Here's a few things I've not had time to blog about recently:
  • The usefulness of the word 'elasticity' which came up in the google-translation of a description of my Making adaptive Resilience Real on a Croatian website Kulturpunkt - why didn't I use it in the text? What does the image suggest for people's seemingly binary approach to organisational health? (The seeming binary: funding/alive, cut/dead.)
  • Whether plethora or confusion or coalition or union is the appropriate collective noun for campaigns.
  • Related to that, why I value the arts feels to me a better starting point than Save the arts but neither hits the bull's eye, and the artsfunding 'debate' has become increasingly echo-chamberish. Why? Because it starts from audiences, albeit perhaps arts-based ones, because it suggests less the arts exist because of subsidy and will die without it. Theatre has not, for instance, died because some companies lost their RFO-funding 2 years ago, unless I've missed something. What have been the effects, though, and what does that suggest for thinking through the inevitable?
  • How I signed the petition, but find my optimism about the future of the arts in the conversation where people don't talk about cuts but about change, not the prospect of a debate in Parliament. (Actually, I'm with the doubters about whether even 100,000 signatures really would or should trigger a debate, but even if it happened, when did that last have a real impact on a controversial policy?)
  • How Brendan Barber's speech at the TUC congress felt more realistic, and more challenging, in its suggestion of 5 alternatives to coalition strategy:
    1. a realistic timetable
    2. more flexibility
    3. growth as a priority
    4. a bigger role for tax
    5. a different kind of economy

    Change 'bigger role for tax' to 'clearer role for arts funding investment' and i think that's what the sector could be asking for right now. Campaigning for status quo is not an option
  • the yesthat'srightness of John Kay's piece about economic arguments for arts funding and how naive it makes some arguments both for and against sound
  • the stimulating sessions talking about resilience I've had in Huddersfield and Leeds and will be having in Newcastle and Cambridge next month and what I've learnt. See me in a state of gurning over-stimulation at the end of one of those in this short video courtesy of &Co.

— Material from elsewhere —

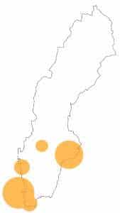När du designar din produkt i vårt designverktyg kan du under fliken Montering skriva in ditt postnummer och se om tjänsten är tillgänglig i ditt område (områdena markerat med orange på kartan ger en fingervisning av var vi erbjuder montage).
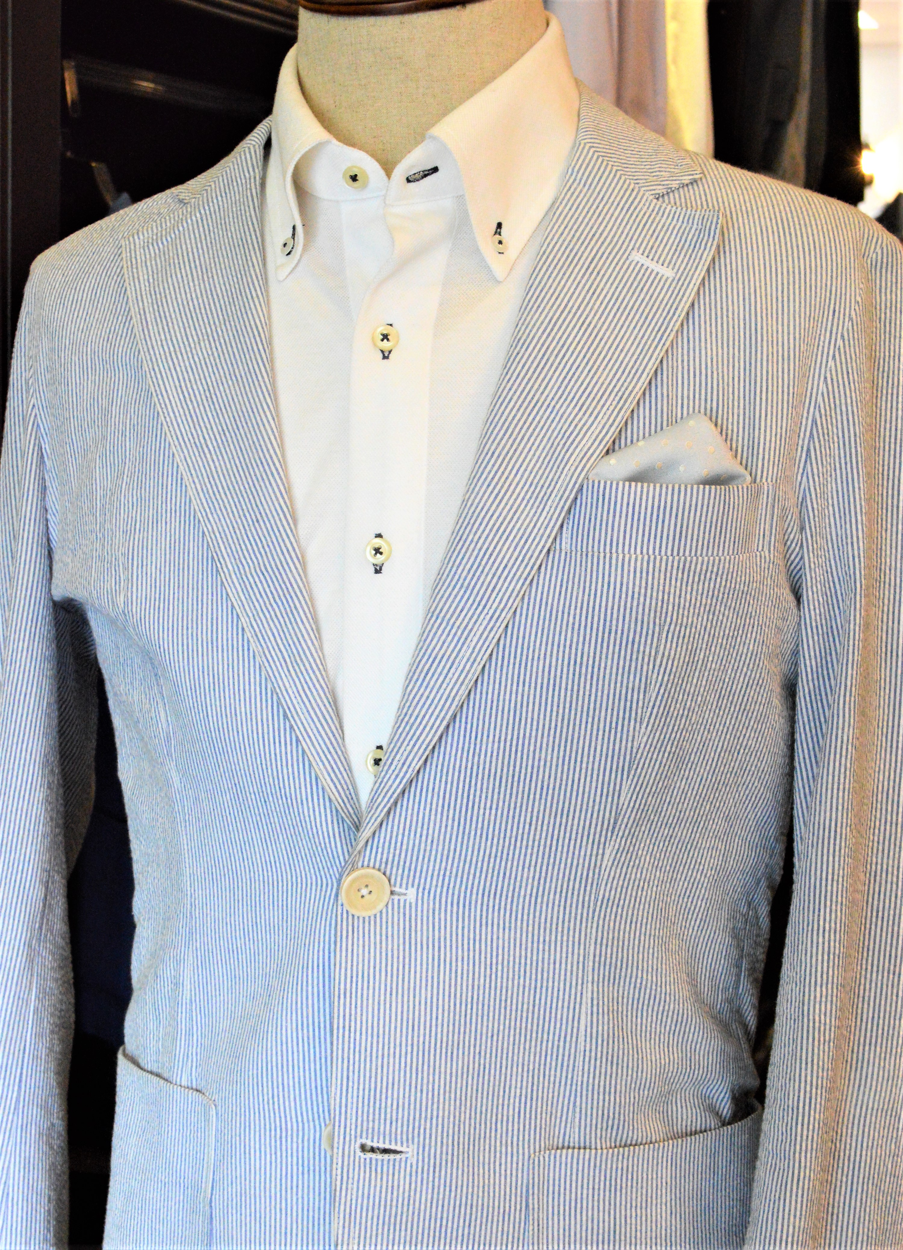 着こなせる麻やシアサッカーの生地に合った襟型をご紹介します。

I have, however, been very busy with work and family, so have constantly run out of time, so haven't been keeping you as regularly stimulated as I'd like. As I'm going to be in South Africa working with the Swallows Foundation for the next fortnight, you will either hear next to nothing or very regular updates over the next two weeks. Be prepared for either!

(Lots of songs called 'out of time' - this could even become a regular series - was going to go with Blur but this blue eyed soul is just lovely.)